With careful treatment and plenty of time most chickens will be able to recover from frostbite and go on to live out the rest of their lives!

Also, here's another website with helpful info:

Good luck to anyone who's going through this.  I hope my rooster makes it and doesn't lose his feet. His feet are still pink, have blisters, and are bleeding in spots.  I'm putting neosporin on them, soaking them in epson salt and warm water, keeping him in the bathroom on soft old towels which get changed often because he poops a lot.  He's eating and drinking well. His gallon waterer has had 5 aspirin dissolved in it for pain.  He's alert and attentive, but doesn't want to stand for very long periods and doesn't hardly walk by himself. We'll see how this goes.

Tuesday, February 17, 2015

Rooster with Frozen Feet

Hi there!  It's been a long time since I've written anything.  So long, in fact, that I'll start over, from the beginning.  Don't worry, I'll make it short.

My name is Lynn, I have a farm I call Razzberry Corner, I'm not a farm girl, but instead have a high tech job in downtown Washington, DC. I have a big heart for animals and try my best with them. This farm thing is a learning experience, I learn as I go, I learn from looking things up online and I hope that my blog one day helps someone else online who's looking for help.  I've experienced so many things when dealing with chickens and guineas that I think others can learn from, and I want to help others so they don't have to struggle the way I often do. My problem is that I don't have much time.  Blogging takes time.  Work takes time, and I often travel for work.  Running a farm, dealing with animals, housework and cleaning, cooking and all the other aspects of life take time. 

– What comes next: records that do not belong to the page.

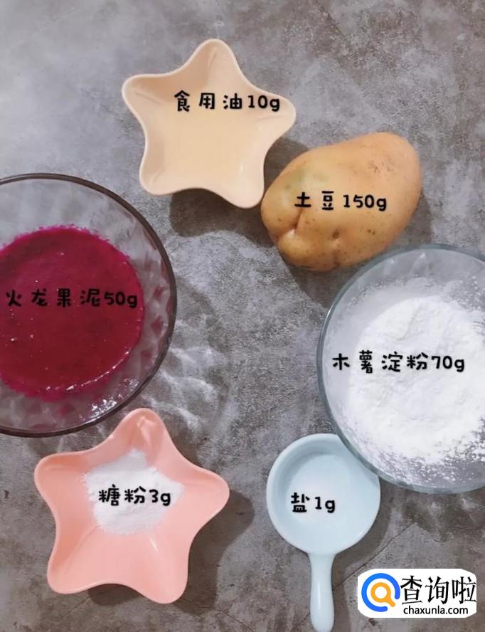 首先准备好所有要用到的食材,如下图所示。小贴士:火龙果泥50克,糖粉3克,盐1克,木薯淀粉70克,土豆150克,食用油十克。
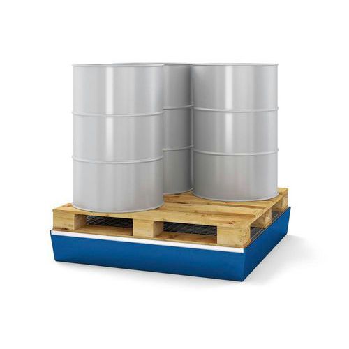 Kovová záchytná vaňa s roštom, na paletu, na 4 sudy, lakovaná
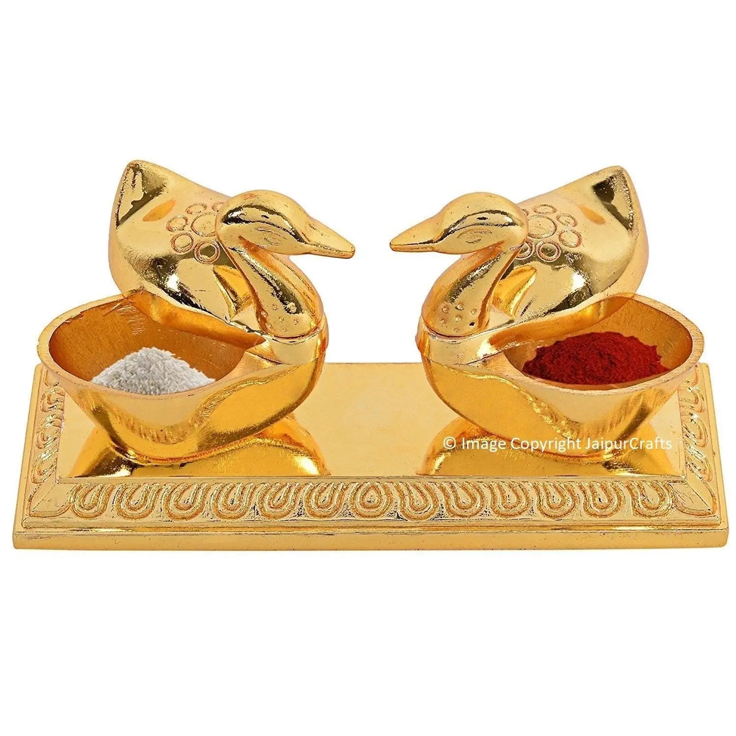 JaipurCrafts Zinc Roli-Chandan, Chawal-Akshat-Haldi, Kumkum Box with Loving Bird Duck Pair Chopda, 11x6x3cm(Gold)
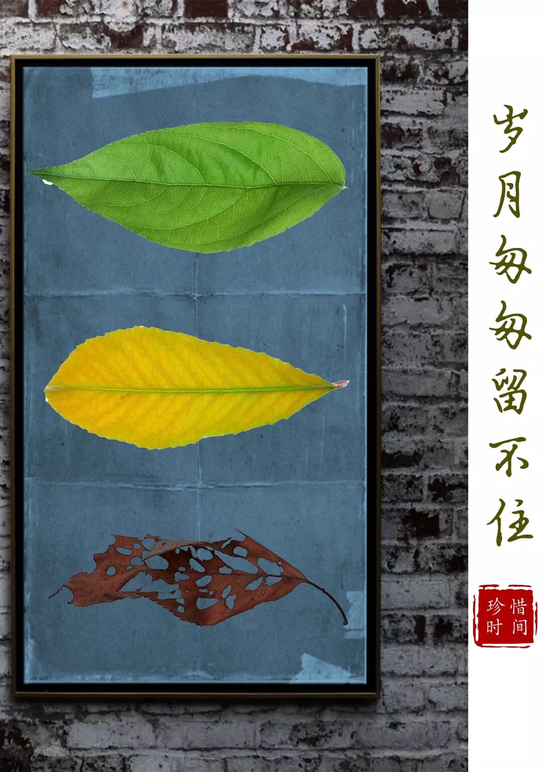 设计理念:珍惜时间是一个永恒的话题,三片树叶恰似人的一生,由青变黄,由盛转衰,生命何其短暂。生老病死人之常情,本幅作品采用绘画作品的形式,希望通过画框里“叶子的一生”表达时间飞逝珍惜时间之意。
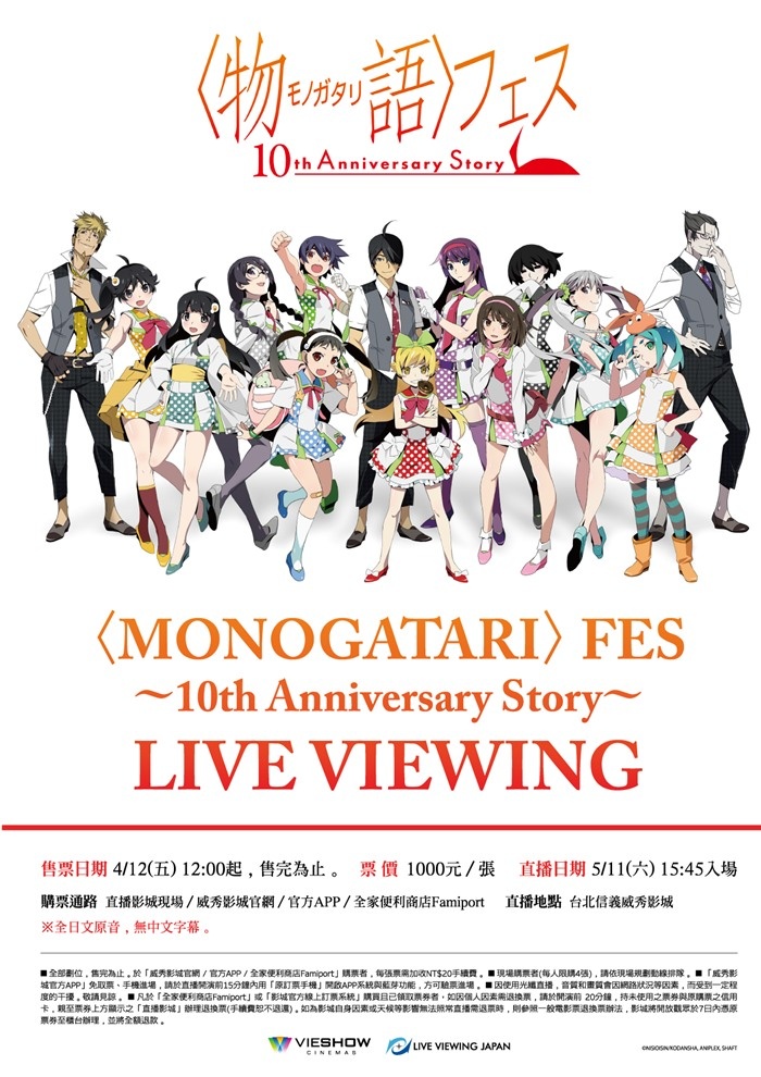 角色歌曲 & 朗讀「僅此一夜」祭典,動畫〈MONOGATARI〉series 10周年記念活動,信義威秀影城獨家登場。

As I'm writing this I have a rooster in my bathroom and 2 barn cats in the guest room. (My husband is a saint to put up with me...)  And at least a foot of snow outside.  The rooster is my main concern right now.

His name is Muffin, he was one of my very first two roosters.  Yeah, I didn't know it was a boy and I was new to chickens back then, I didn't think not to name them silly names until we figured out their gender.   But the name Muffin always stuck, and the bird knew his name.  He always answered when we called "Muffin!" My husband always liked Muffin, Muff sometimes wanted to fight with me, but I learned to live with him.  All-in-all, he has been our best rooster, and has always been our lead roo.

Yesterday when it was snowing, my husband went out and found Muff standing in the snow out in the chicken pen.  He picked up the bird and found his feet frozen!  We put him in a cold bath and ever so slowly made the water warmer and warmer - we held him in the sink for about an hour, each of us taking turns holding him so only his legs were under water. The legs and feet got warm, he was able to move the legs up and down again, and he curled the toes just a little when we put our fingers in them.  I think it's natural for a bird to curl their toes around something, simulating roosting.

We put Muff on a towel in front of the fireplace and let him totally warm up and dry off.  He preferred to lay down on top of his legs/feet.  No standing. The legs/feet looked normal.

Overnight last night we put Muffin in the bathroom on a towel that we rolled up so he was able to wrap his toes a little around the soft towel. We brought in a hen (named Zoner) to keep him company.  He and Zoner both ate treats and Zoner drank water.  Muff wanted nothing to do with drinking.

This morning he crowed 5 times.  Zoner went back out to the coop.  Muff is still laying there in the bathroom.  He eats ok, but is not drinking. And not standing.  I lifting him up and looked at the feet - they're all cracked and bleeding in the corners of the toes. I read online to put Vaseline on them, so I coated them with Vaseline and hope they heal. He's not moving around at all, just laying there, although he's alert and seems fine otherwise.

Cracks between toes

I hope he gets better.  We're going to give him a few days inside to let him heal.  If he cannot walk the other birds will pick on him.  He was the king of the coop.  Now he will become the lowest in the pecking order and that alone will destroy this feisty rooster who's used to being in charge.  Sadly, my husband will have to put him down if he cannot walk again.

Any assistance anyone can provide about chickens with frozen feet is appreciated!